*ACTION ITEM*: Reproduce, exactly and only, the lines of the data that follows from the one containing "Luck 50 Cent |" down to the one containing "Spray a few", without pictures.

*INPUT RECORDS*:
· · · ·
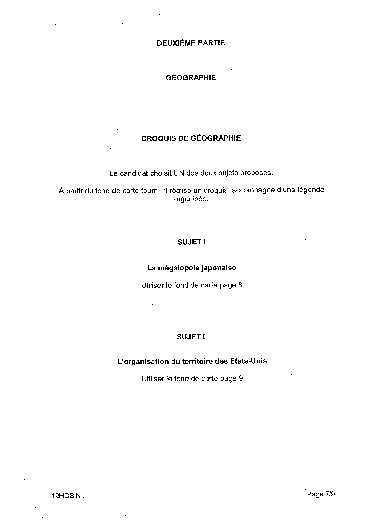Bac S Histoire Géographie Pondichéry 2012 - Sujet
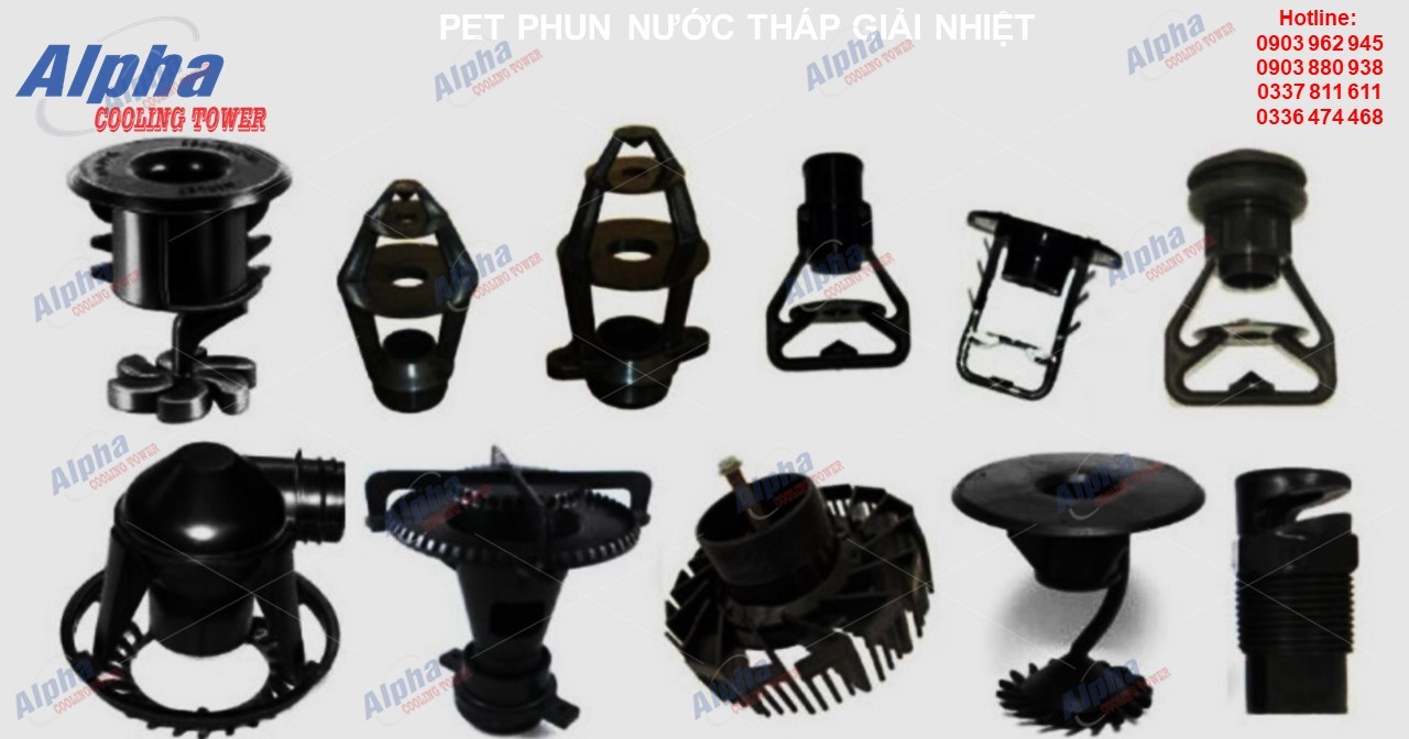 Hiện nay, pet phun nước thường được sử dụng cho tháp giải nhiệt vuông, trong khi đầu phun nước lại phổ biến ở tháp giải nhiệt tròn.
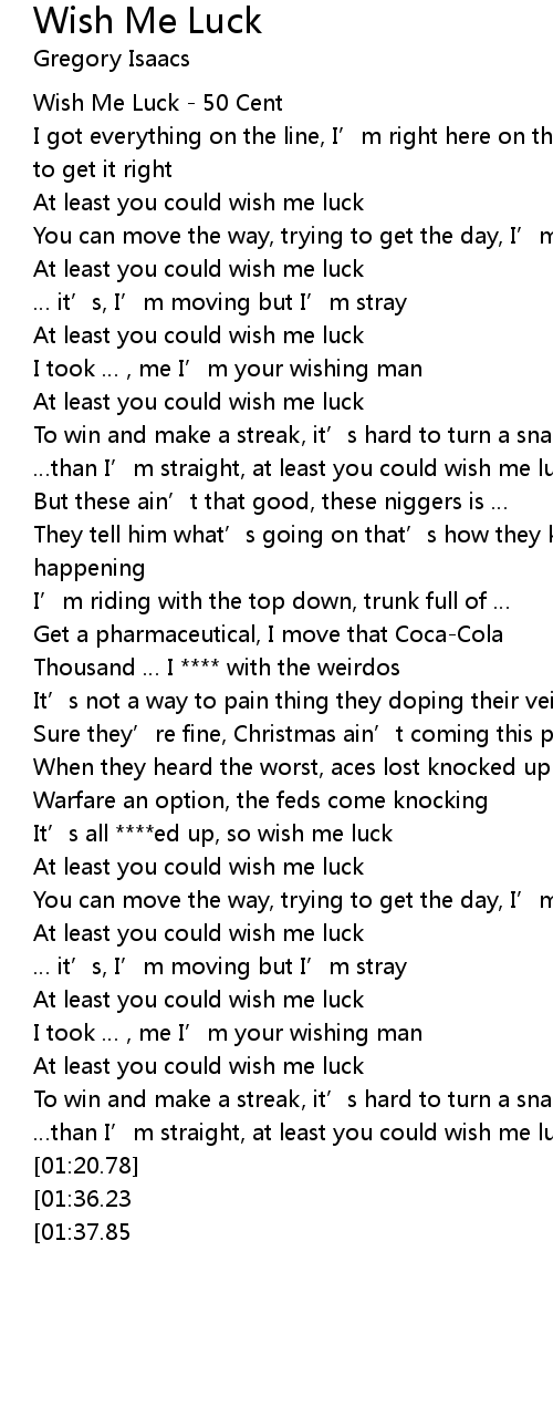 | [00:00.80] | Wish Me Luck 50 Cent |
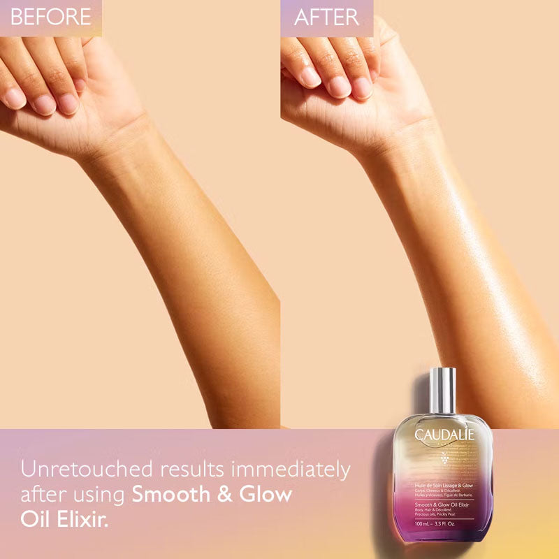 Spray a few drops of Smooth & Glow Oil Elixir in the palm of your hand and gently massage onto body, hair and décolleté.
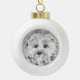 This is a quality ornament with beautiful Christmas artwork on the back. It is sturdy and very nice. The custom artwork is nice, too. I love it, and it was well received by my friends who lost their dog. Thank you for a wonderful gift. I'm sure they will cherish it forever. The only thing that was a bit of a concern was that the text underneath the image was TINY! I realize there wasn't much space to work with, so I'm not upset or anything. You can still read it. But you'll just need to have your glasses on. Also, the website was very easy to use for customizing the ornament. Great experience!
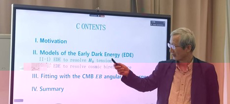 6月10日,Lee教授繼續帶來題為《Early Dark Energy Models and Cosmological Tensions》的第二場報告。在首日報告基礎上,他将視角拓展至當前宇宙學研究的前沿問題——哈勃常數危機與宇宙雙折射現象。他指出這兩大觀測難題對宇宙學标準模型構成嚴峻挑戰,并提出其早期暗能量模型可作為可能的解決方案,更展示了基于10維參數空間的數據拟合結果,闡述該模型在緩解哈勃常數危機與宇宙雙折射問題方面具有“一箭雙雕”的潛力。他進一步系統分析各參數在模型中的敏感度和作用強度,打破了“早期暗能量無法解釋宇宙雙折射”的傳統觀點,強調了參數優化在宇宙學理論發展中的關鍵作用。
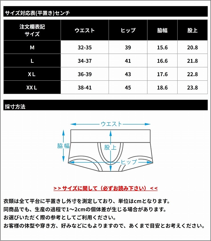 ウエストサイズ(平置きの目安) M 約32-35cm L 約34-37cm XL 約36-39cm XXL 約38-41cm 【ウエストサイズに関して】 同サイズを並べると若干差がございますが、伸縮性に優れた生地ですので着用するとカラダにフィットいたします。 ※洗濯の際、他のものと分けてご面倒でも手洗いをおすすめします。洗濯後は形を整えてすぐに干してください。乾燥機の使用はお控えください。 ※生地にプリントしているため、伸縮時や縫製箇所等、色が薄く見える場合があります。 ※転写プリントのため、裏地は白色となります。 ※フロントポーチは、二重です。(内側はメッシュ生地) ※手作業で縫製している為、ハトメや縫製の位置に若干のばらつきがある場合がございます。ご了承ください。 [お取り扱い上のご注意] この製品は装飾性を高めるため繊細な素材を用い一部に金属を使用しています。 丁寧にやさしくお取り扱いください。 洗濯は金属部分に気をつけ40℃上限のぬるま湯洗濯液を使い単独手洗いをしてください。 ※ やむを得ず洗濯機を使用する場合はクッション性のある厚手の洗濯ネットを必ずご利用ください。 ※ 手洗いコース・ソフトコースなどを選び短時間で単独洗濯してください。 ※ 洗濯槽、製品の金属部分や他のものなど、思わぬキズや破損につながる場合がありますので十分にご注意ください。 ※ 脱水は洗濯機で行わず必ず乾いたタオルなどでしっかり水気を吸い取ってください。 投げたり乱暴な取り扱いは思わぬケガや破損につながる場合がありますので十分にご注意ください。 金属部分の引っかけやものに当たるなど着脱時や着衣中は十分にご注意ください。 製品を永く大切にご愛用いただくため、以上の点を忘れないように十分注意ししっかり守ってください。
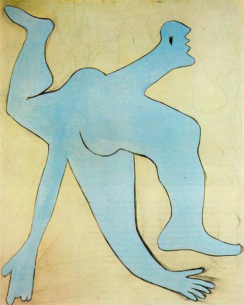 另一幅极具震撼力的马格里特作品《杂技演员的思想》(IdeasoftheAcrobat)——扭曲、重塑并混合了身体,悬挂在毕加索1929年作品《蓝色杂技演员》(ABlueAcrobat)旁边,呈现了毕加索与超现实主义的调情。这是一场天才之间的耀眼对比。毕加索那扭曲、变异的人体是怪诞的、英雄的,也是绝对真实的,因为他对人类形态的把握是与生俱来的。
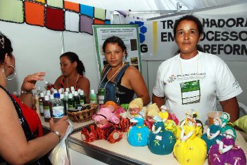 Na Expo Agro Familiar, os agricultores familiares comemoravam o movimento. Vários visitantes circularam pelo pavilhão onde a feira estava montada, procurando pelos doces caseiros, artesanatos com vários materiais, pimentas e outros produtos, como os cosméticos naturais da Dona Neusimar. Ela e seu marido, Seu Valdeir, vieram do assentamento São Domingos dos Olhos D’água, no município de Morrinhos, para vender seus shampoos, cremes hidratantes e sabonetes feitos com frutos do cerrado na exposição.
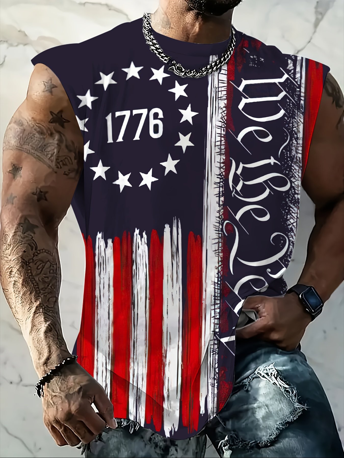 Men’S Plus Size Patriotic Graphic Tank Top – Breathable Sleeveless Athletic Shirt For Summer, Fitness, Basketball & Casual Wear, Navy Blue With Red, White & Blue Print, Casual Sportswear | Bold Print Shirt | Comfortable Fit, Plus Size
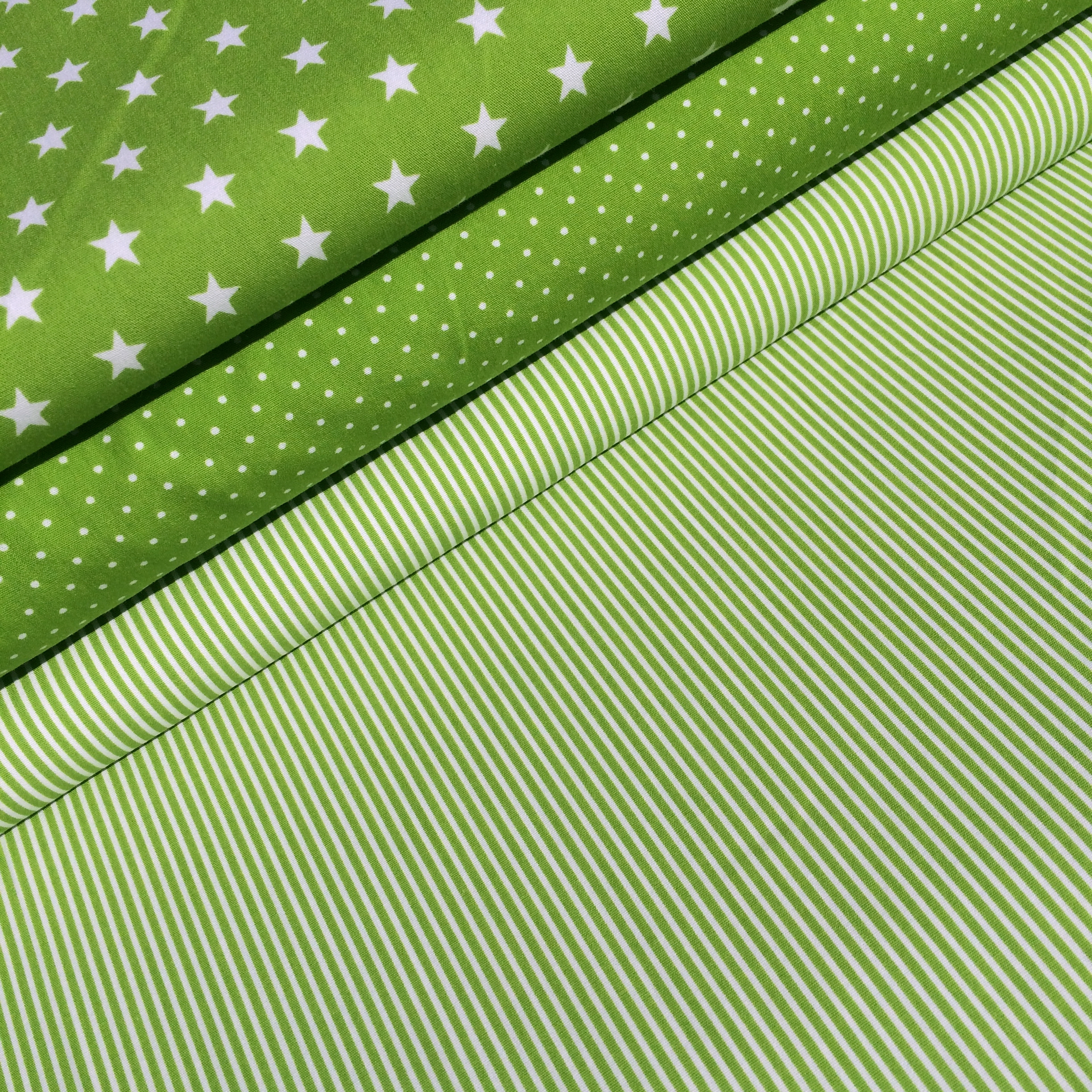 Startseite » Stoffe » Webware » Webware - Pakete » Baumwollpaket hellgrün/weiß - Punkte-Streifen-Sterne
· · · ·
*SOLUTION TO THIS EXERCISE*:
 | [00:00.80] | Wish Me Luck 50 Cent |
 Spray a few drops of Smooth & Glow Oil Elixir in the palm of your hand and gently massage onto body, hair and décolleté.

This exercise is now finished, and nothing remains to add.